The case holding that only a person who owns a building on the articles of association of a housing redevelopment association, stipulated the requirements of the partner subject to parcelling-out, as co-ownership shares, and the owner of the remaining shares of the land and the building are co-owners of one site and constructed facilities in principle: Provided, That only a person who owns only the land as co-ownership shares and a person who owns the remaining shares of the land and each land area based on the co-ownership shares of the owner of the remaining shares of the land

[Reference Provisions]

Articles 14, 34, and 35 of the Urban Redevelopment Act

Plaintiff, Appellant

Plaintiff

Defendant, Appellee

housing redevelopment partnership No. 12

Judgment of the lower court

Seoul High Court Decision 2000Nu14018 delivered on June 28, 200

Text

The appeal is dismissed.
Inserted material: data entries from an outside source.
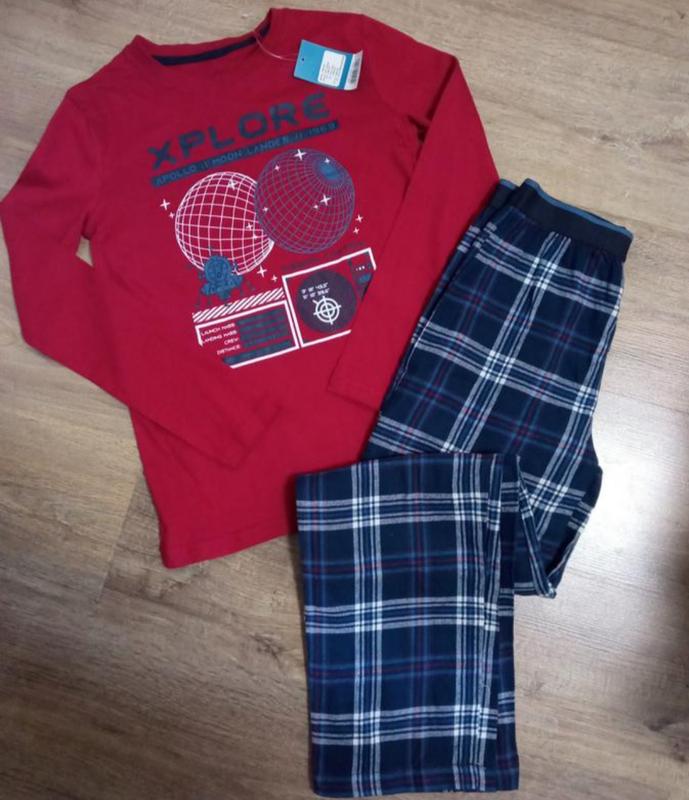 Пижама - домашний костюм от производителя Pepperts Тканина 100% cotton. Брюки идут теплые фанелевые очень мягкие и приятные к телу.Шнурок рабочий можно фиксировать талию. размер 134/140 на 8-10 лет. длина кофты-56см дпг-41см. длина рукава -51см. длина брюк-85см шаговой шов-64см. талия по резинке 29см.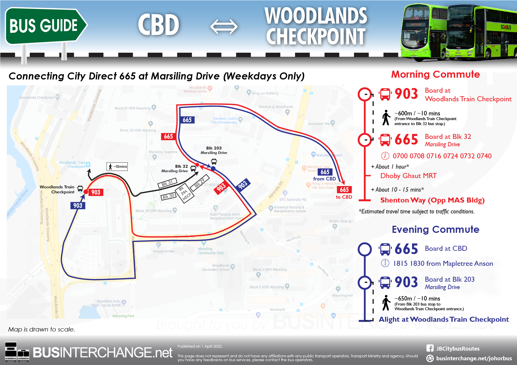 If you are exploring on taking the bus from Singapore's Central Business District, City Direct 665 provides direct connection from Tanjong Pagar, Raffles Place and Dhoby Ghaut to Marsiling Drive. Marsiling Drive is about 10 minutes walk from the Woodlands Checkpoint. You may also consider boarding bus 903 to connect directly to Woodlands Train Checkpoint.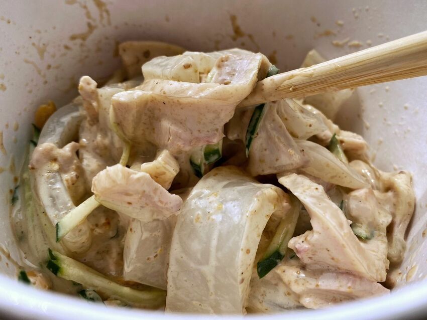 裡面有新鮮帶皮的雞肉片、小黃瓜絲、增添口感的花生,底部滿滿的涼皮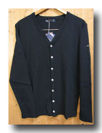 ベーシックなカラー、7つ並んだボタンと浅めのVネックの開きは、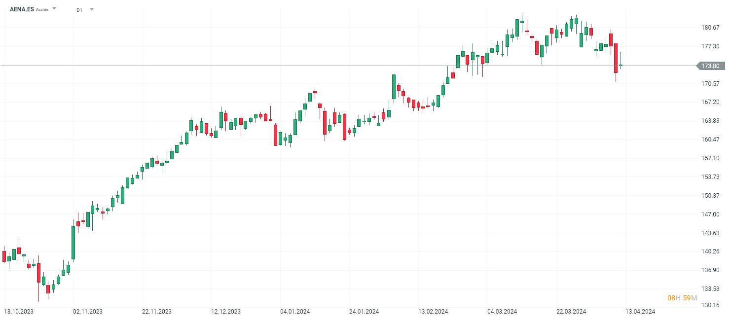 Las acciones de Aena suben un 6,7% en lo que va de 2024.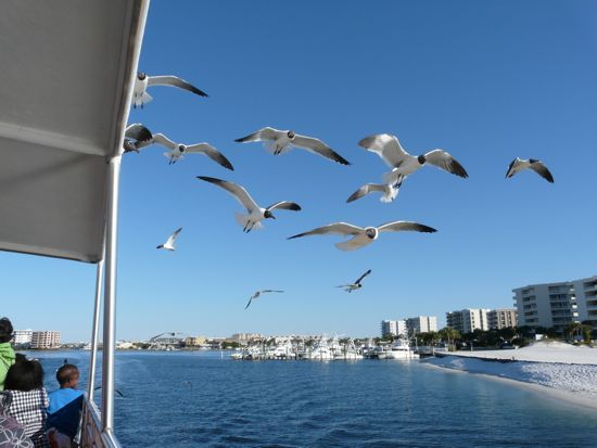 We hit the SanDestin Outlet Malls, big mistake, they had hoardes of shoppers and people lining up with numbers to get into some of the most popular shops (shudder!) so we toodled around and got back to the dock in time for the sunset cruise. The boat had a good load, but was not too crowded, and we had perfect, beautiful weather. Here are some photos: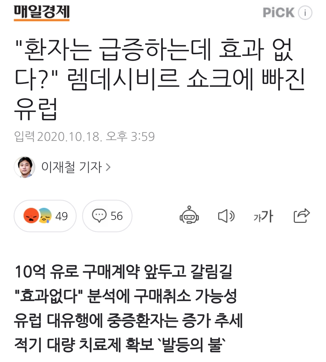 10억 유로 구매계약 앞두고 갈림길 "효과없다" 분석에 구매취소 가능성 유럽 대유행에 중증환자는 증가 추세 적기 대량 치료제 확보 `발등의 불` 코로나19 중증환자에 치료에 '렘데시비르'가 효과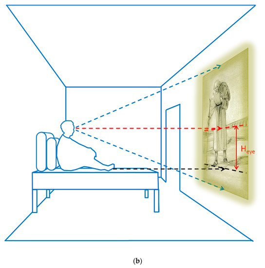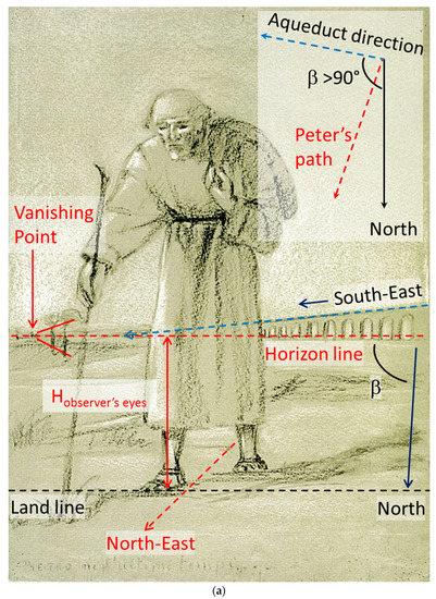 An analysis of the perspective of the drawing allows us to individuate only one vanishing point; therefore, it is not sufficient for calculating Peter’s distance from the aqueduct (two vanishing points are needed). With respect to the direction North-South of the observer of the scene, the aqueduct forms an angle larger than 90°—β in Figure 5a—because its ending part—see the dashed blue line—does not coincide with the vanishing point. Therefore, the aqueduct depicted behind Peter is directed towards South-East, forming a slightly obtuse angle () with the North-South direction. Finally, let us note that the height of the eyes of the observer of the scene—given by the height of the horizon line with respect to the land line—is quite low, at the level of Peter’s knees. This finding implies that Ferri has drawn, and/or Maria Valtorta has described the scene, as seen from below—like looking at an elevated screen—, likely because she was bedridden, as it is sketched in Figure 5b. Indeed, we must always consider that, according to what she writes, all information about Peter’s tomb (Valtorta’s hypothesis), which are under a critical analysis in this work, should be the result of alleged mystical visions. This finding emerges also by the perspective analysis of the L. Ferri’s drawing as sketched in Figure 5b, where Maria Valtorta, bedridden in her small bedroom is depicted while “seeing” Peter walking, as she were in front of a big screen: the height of the eyes of the observer of the scene, , is at the level of Peter’s knees.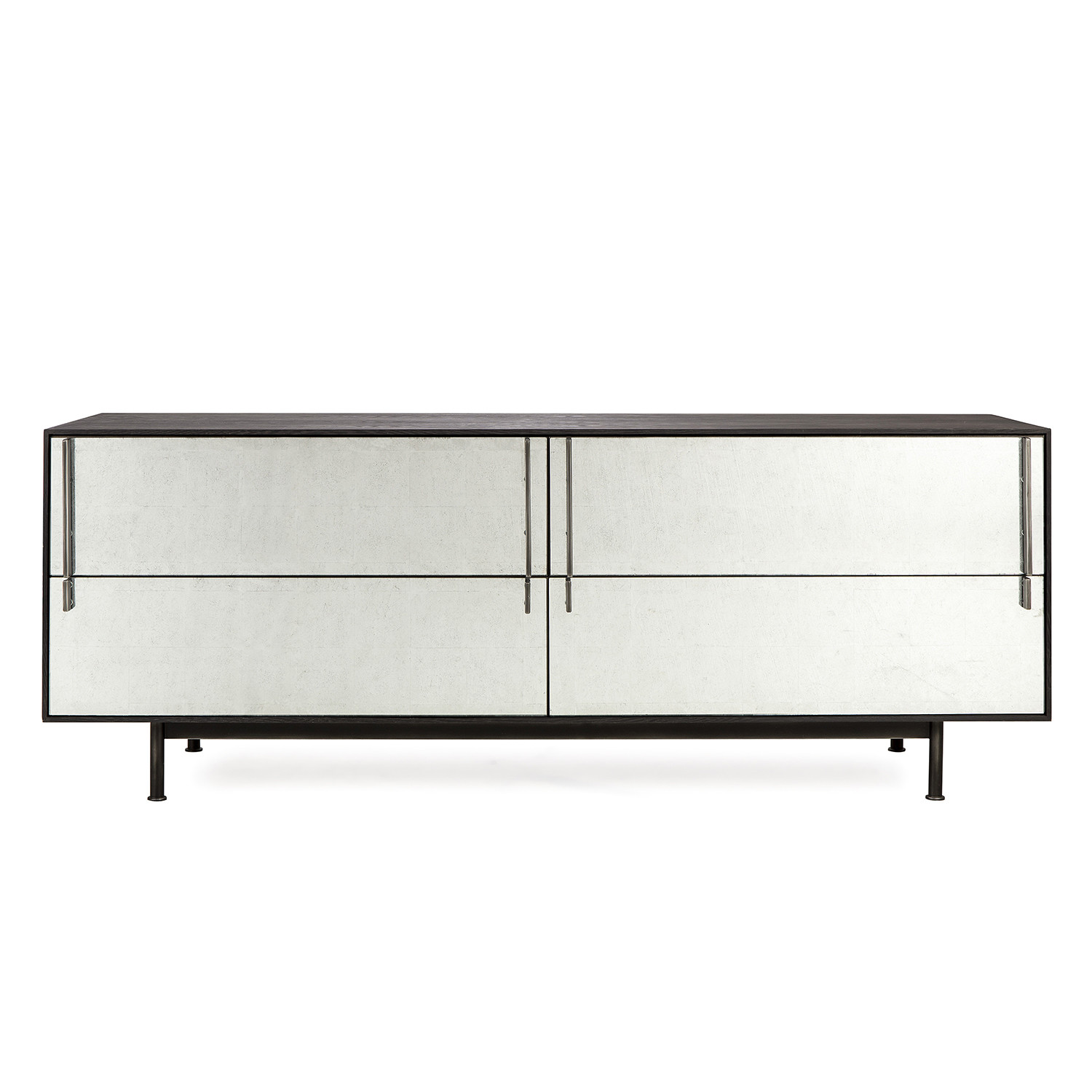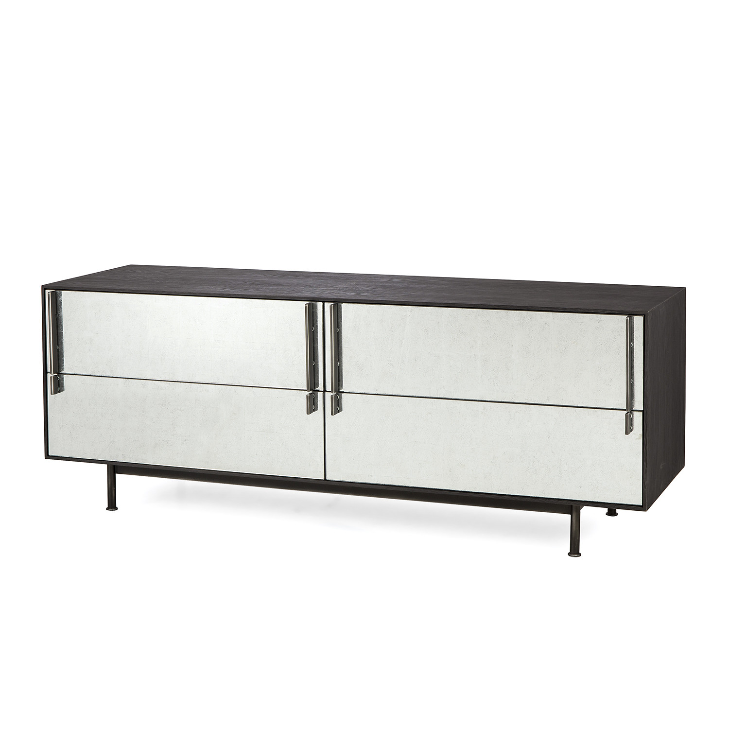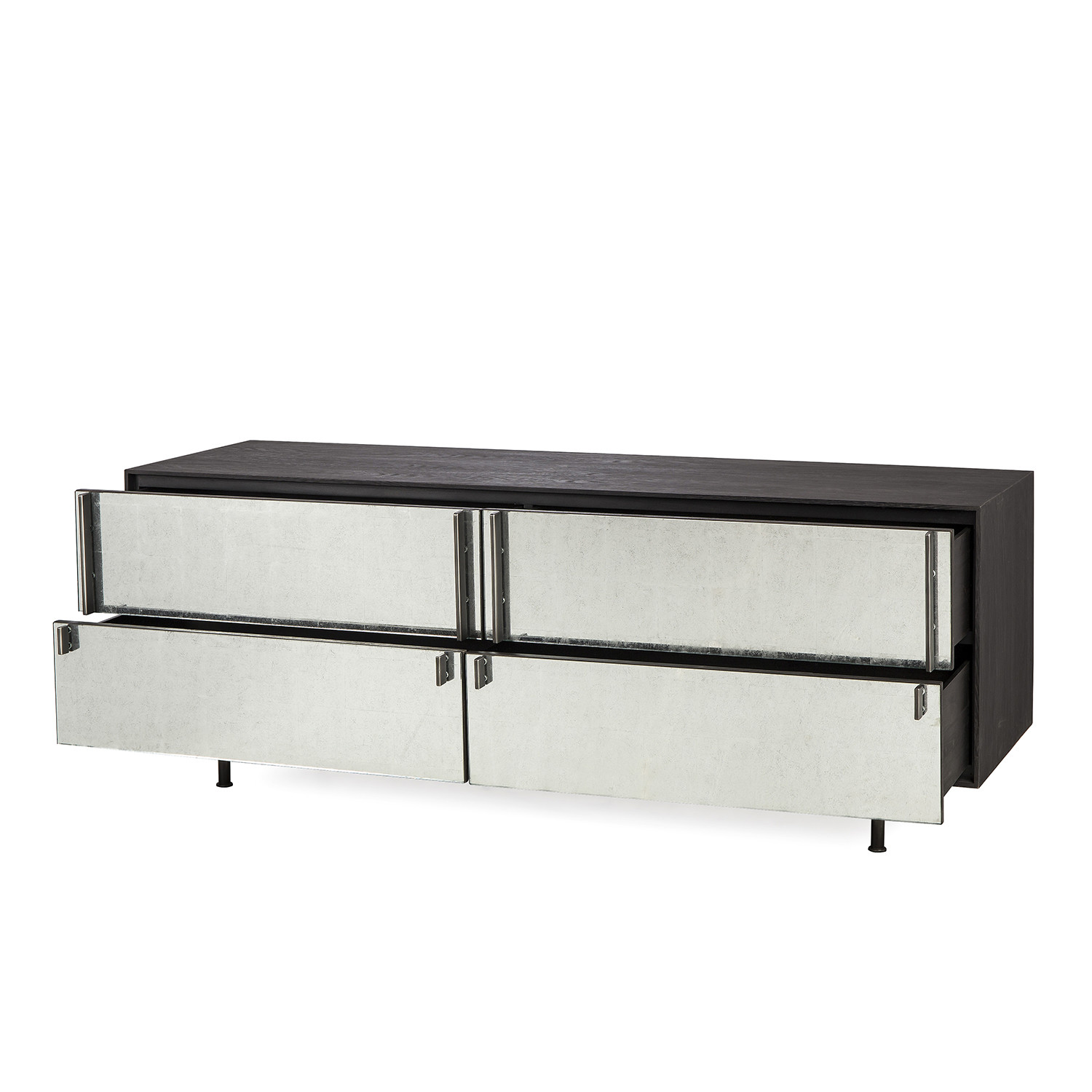 The Thomas Bina collection is comprised of a sophisticated blend of lighter and more evocative materials with a sculptural attention to detail. This Marimar Dresser combines unusual materials, such as silver leaf, dyed black oak, and steel. Four drawers give it the storage convenience to match its stylistic prowess.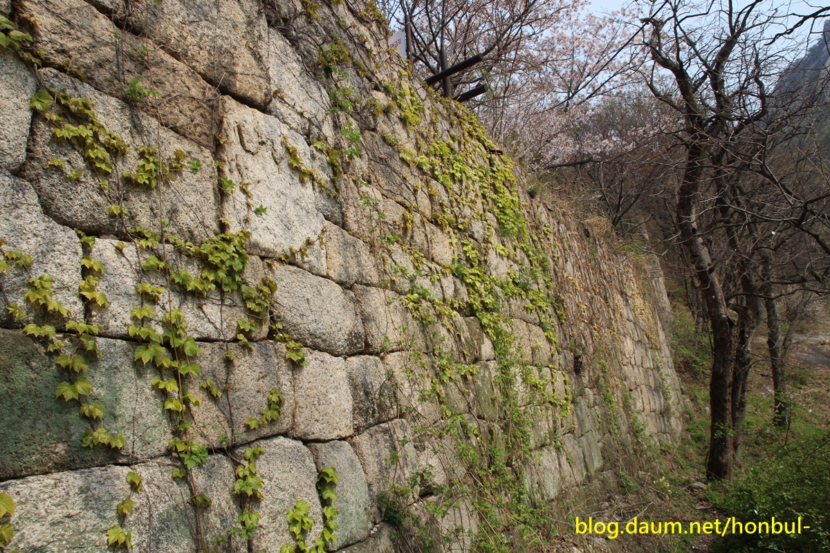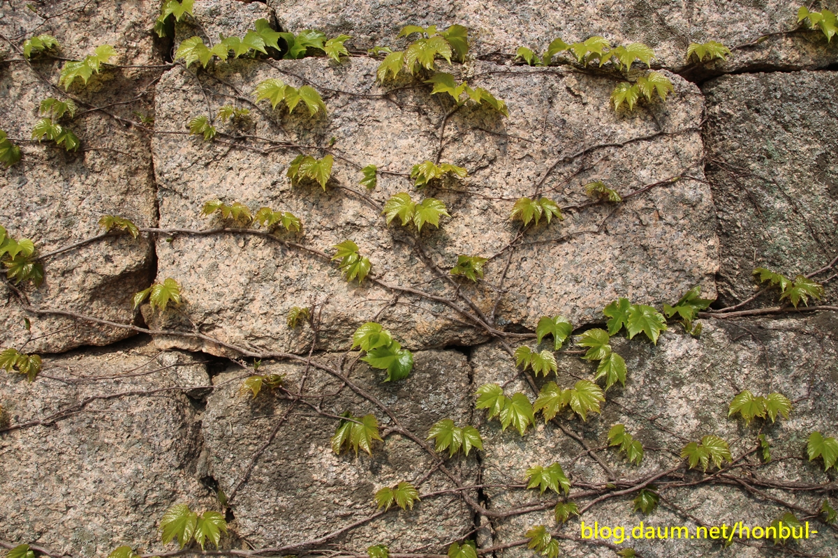 중간에 성벽을 넘어 내려가다 만난 담쟁이 풀이 봄을 만나 기지개를 켜며 빠르게 성장하고 있다.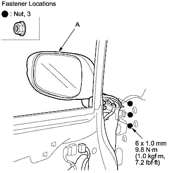 5. While holding the mirror (A), remove the nuts.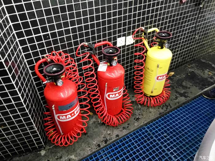 三个钢瓶分担不同角色,分别是,轮胎轮毂清洁,车身清洁,车身护理水蜡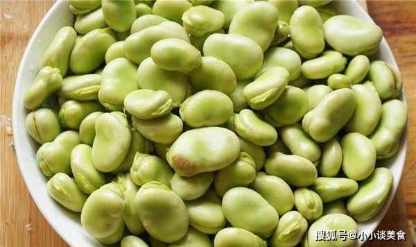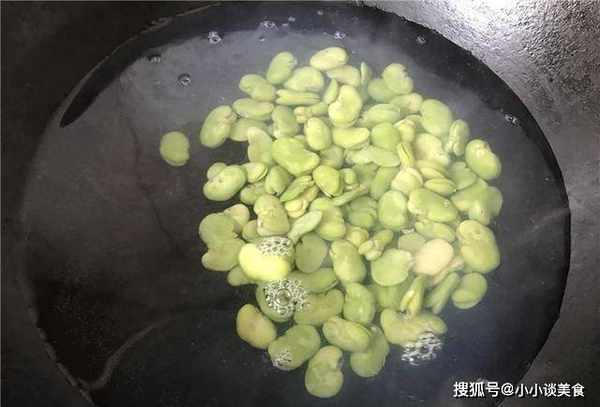 2、鍋中加入適量的水。大火燒開後,加入適量食用油和鹽(目的是讓蠶豆保持綠色),然後將洗凈的蠶豆放入水中焯2-3分鐘,待鍋中撈出蠶豆8成熟後,放入冷水中冷卻,最後瀝幹備用。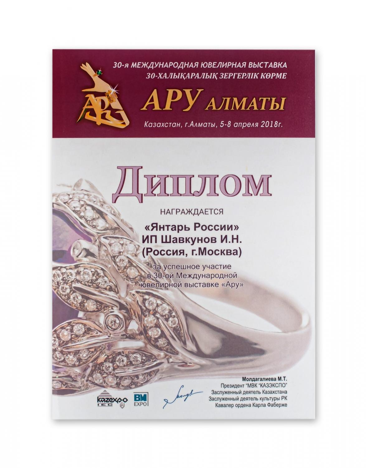 Диплом за успешное участие в 40-ой Международной ювелирной выставке "Ару-Алматы 2022"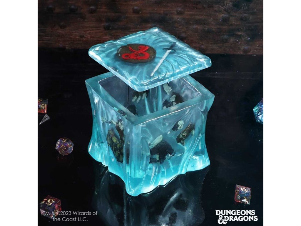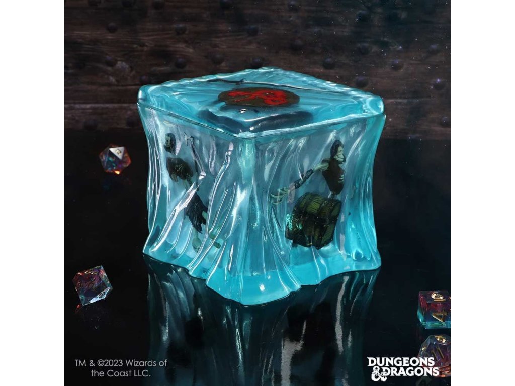 Vystav si parádnu dekoratívnu krabičku na kocky v podobe žieravej a leptavej Gelatinous cube (želatínovej kocky) z hry na hrdinov Dungeons & Dragons! Skvelý doplnok pre herný stôl, ktorú môžeš využiť ako Dice jail pre tvoje prekliate kocky! Kocka je zo šiestich panelov, ďalších 14 dielikov príslušenstva a podstavca. Dovnútra potom môžeš vložiť aj figúrku štandardnej veľkosti.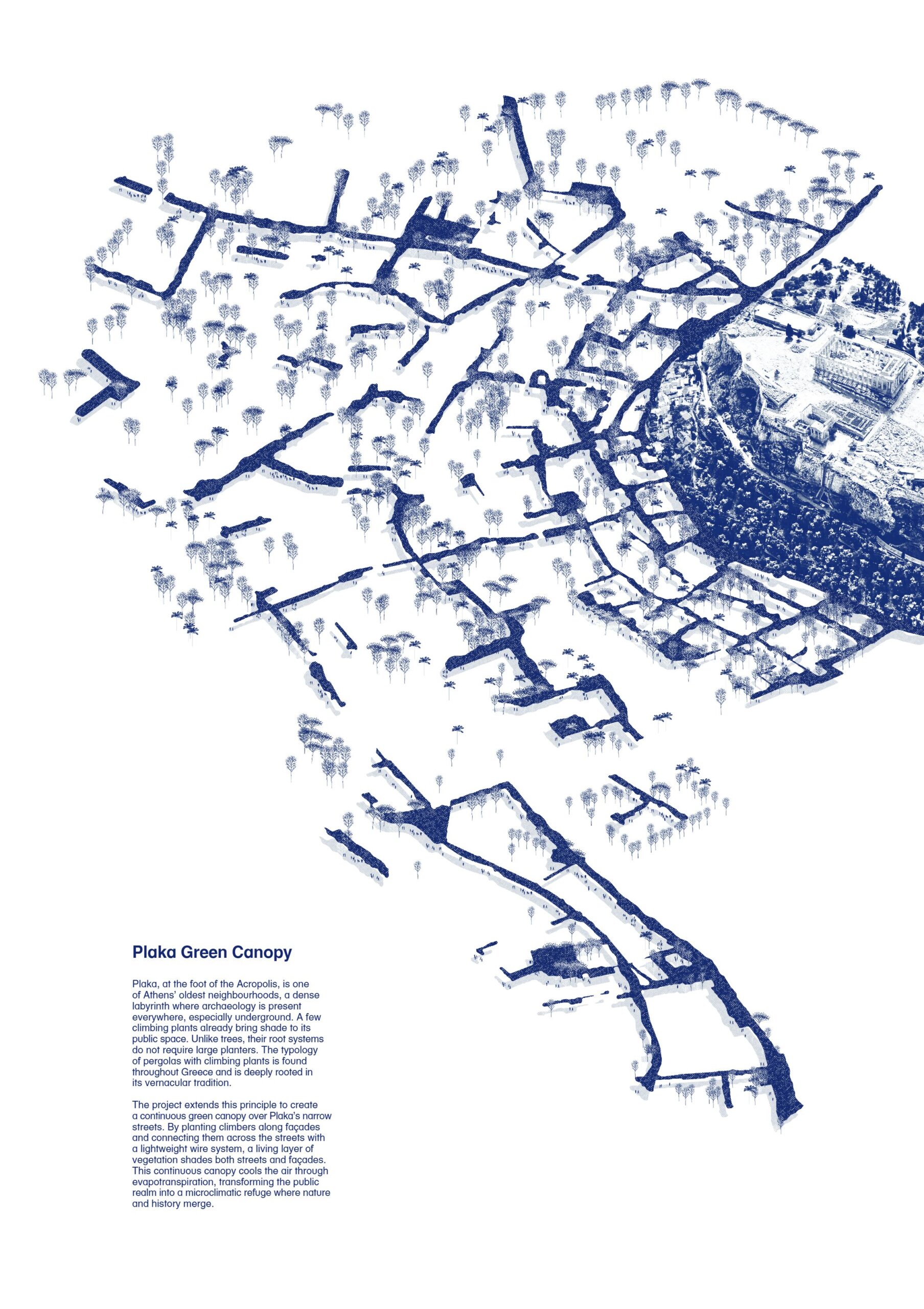 • Plaka Green Canopy: Με ένα δίκτυο αναρριχώμενων φυτών, που εκτείνεται στα σοκάκια της Πλάκας, δημιουργείται φυσική σκίαση στους δημόσιους χώρους και τις προσόψεις των κτιρίων.

The costs of appeal are assessed against the plaintiff.

Reasons

We examine the grounds of appeal.

In full view of the provisions of the Articles of the Defendant Union’s articles of association, which stipulate the requirements of the partner subject to parcelling-out, only the land on which the building is located, and the remaining shares of the building and the owner of the building are the co-owners of the building site and constructed facilities in principle. However, only in cases where only the land is owned as co-owned shares, and the remaining shares of the land and the owner of the building are owned as co-owned shares of the person who owns the remaining shares of the land and the size of each land is more than

However, according to the records and reasoning of the judgment below, the Plaintiff is the owner of the above land and the non-party, who is the owner of the above land, and the non-party, who is the other co-owner, can find the fact that he is the remaining owner of the above land. Thus, the Plaintiff constitutes the owner of the land below the minimum size of the site under the Building Act, and the non-party is the owner of the above-mentioned land whose land is above the minimum size of the site under the Building Act, and the non-party is the owner of the land above the minimum size of the site under the Building Act, and thus, the Plaintiff and the non-party

In the same purport, the decision of the court below is justified in holding that the disposition of this case by the defendant association was legitimate, which established a management and disposal plan by designating the plaintiff and the non-party as the purchaser of the 31-type apartment complex as the purchaser of the 42-type apartment complex under the premise that the plaintiff is the purchaser of the 31-type apartment complex, and by deeming the plaintiff and the non-party as the co-owner of the 4

In addition, according to the records, it is clear that Article 54 (7) of the articles of association of the defendant association was not newly established. Thus, the court below's rejection of the plaintiff's assertion on the premise that the above articles of association were newly established is just, and there is no violation of law as

All of the grounds of appeal cannot be accepted.

Therefore, the appeal is dismissed, and the costs of appeal are assessed against the losing party. It is so decided as per Disposition by the assent of all participating Justices.